Et on les a tous envoyés foutre parce qu’on voulait faire ce film avec Gustav Leonhardt qui, à l’époque, n’était pas au box office de l’industrie culturelle, quand tout le monde, même les musiciens et les musicologues nous disaient : « Comment ? Qui ça ? » et on devait écrire le nom sur un bout de papier. De même Nikolaus Harnoncourt. Quant à ce pauvre Wenzinger, le bras droit de Paul Sacher à Bâle, il n’était pas plus connu : ils sont dans le film avec Leonhardt et comme cela n’avait aucune valeur au box office de l’industrie culturelle, personne ne voulait donner un sou pour ce film. Or si on fait un film politiquement, c’est-à-dire en organisant ce qu’on fait, cela veut dire qu’on choisit ses acteurs en ne s’adressant pas au casting ou au box office sous prétexte qu’il faut faire ça sinon on n’aura pas de sous, que sans Depardieu le film ne se fait pas, sans la dernière belle fille à la mode on n’aura pas d’argent du CNC, le film n’ira pas à Cannes, etc. Sinon, non seulement on ne fait pas des films politiquement mais on ne fait pas les films qu’on a envie de faire. Brecht lui-même disait déjà dans sa préface à Kuhle Wampe : « l’organisation nous a coûté bien plus de peine que die kunstlerische arbeit… le travail artistique lui-même » et, dit-il, cela vient du fait que c’était un film politique.
C’est une autre réponse à la question initiale : si on veut faire des films politiques, il faut les organiser soi-même et ne pas s’en remettre à des organisations, même amicales, même de chers amis qui nous aident un petit peu…
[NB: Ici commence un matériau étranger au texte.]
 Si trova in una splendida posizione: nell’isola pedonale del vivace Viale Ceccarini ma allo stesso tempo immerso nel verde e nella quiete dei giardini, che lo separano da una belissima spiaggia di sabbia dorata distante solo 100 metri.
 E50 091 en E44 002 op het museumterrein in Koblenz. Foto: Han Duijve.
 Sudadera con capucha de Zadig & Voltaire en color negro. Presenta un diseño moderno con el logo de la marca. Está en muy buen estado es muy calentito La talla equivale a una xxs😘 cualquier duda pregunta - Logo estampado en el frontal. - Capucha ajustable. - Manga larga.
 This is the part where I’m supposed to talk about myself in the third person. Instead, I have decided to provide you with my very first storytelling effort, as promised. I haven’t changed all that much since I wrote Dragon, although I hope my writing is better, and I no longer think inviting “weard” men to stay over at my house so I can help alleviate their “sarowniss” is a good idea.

DH : Il y a toujours un moment où on est forcé de dire : eh bien non ! ce sera comme ça et si vous n’en voulez pas on s’en chargera nous-mêmes. Même écrire sur un dépliant « ce film a été refusé par le comité de sélection du festival de Cannes », ce qui est la stricte vérité, déclenche des réprobations de nos amis qui s’écrient : « Qu’est-ce que vous voulez ? secouer le cocotier de Cannes ? » Et nous on dit : « Ecoutez, si vous ne voulez pas vous brouiller avec votre monde, parce qu’après tout c’est le vôtre, pas le nôtre, on prendra ça en charge nous-mêmes »… Et puis finalement, parce que “Straub” c’est devenu une marque, qu’ils nous aiment bien, ils cèdent, mais ce sont tout de même des rapports de forces.
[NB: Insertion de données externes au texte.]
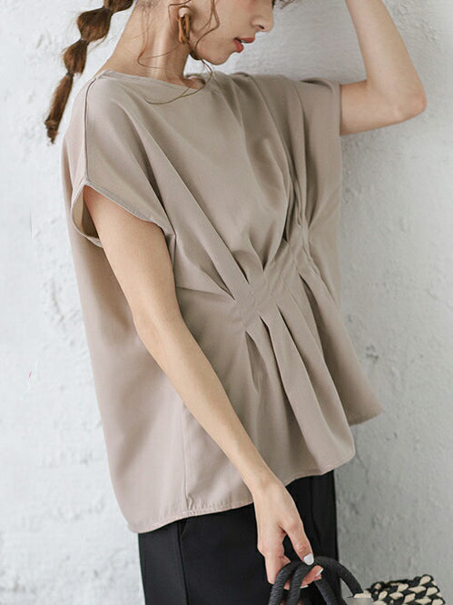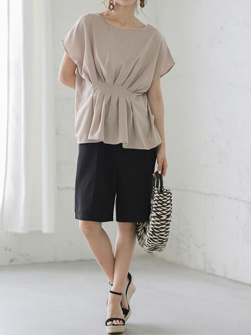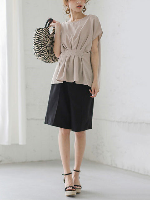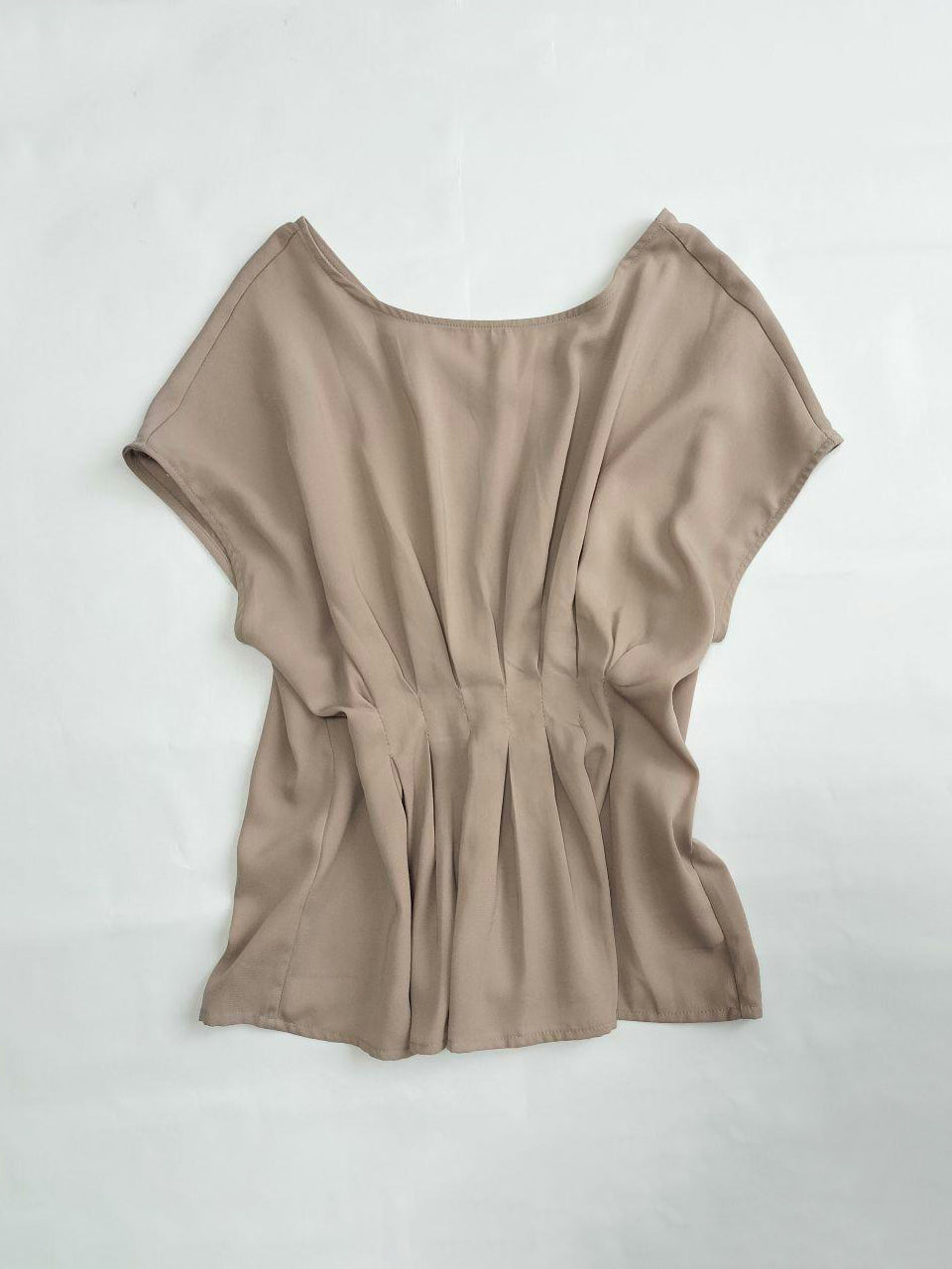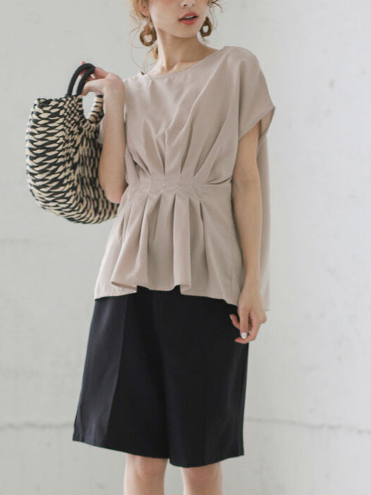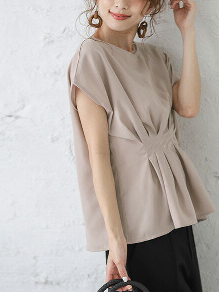 【ウエストのタックデザインが華やか、前後2WAYデザインのブラウス】

JMS : Faire un film politiquement, c’est faire un film avec les objectifs dont on a besoin, le nombre de mètres de pellicule dont on a besoin, le tourner dans l’ordre dont on a besoin, avec le matériel dont on a besoin, c’est payer les techniciens au moins au tarif syndical et de les payer au début de chaque semaine et non à la fin et ne pas se laisser imposer des économies ridicules alors que la production commerciale dans son ensemble gaspille l’argent en faux frais et à des choses inutiles et condamne les gens qui font des films, même des gens prestigieux comme Bertolucci, à avoir des rushes en noir et blanc ou à se limiter à deux objectifs.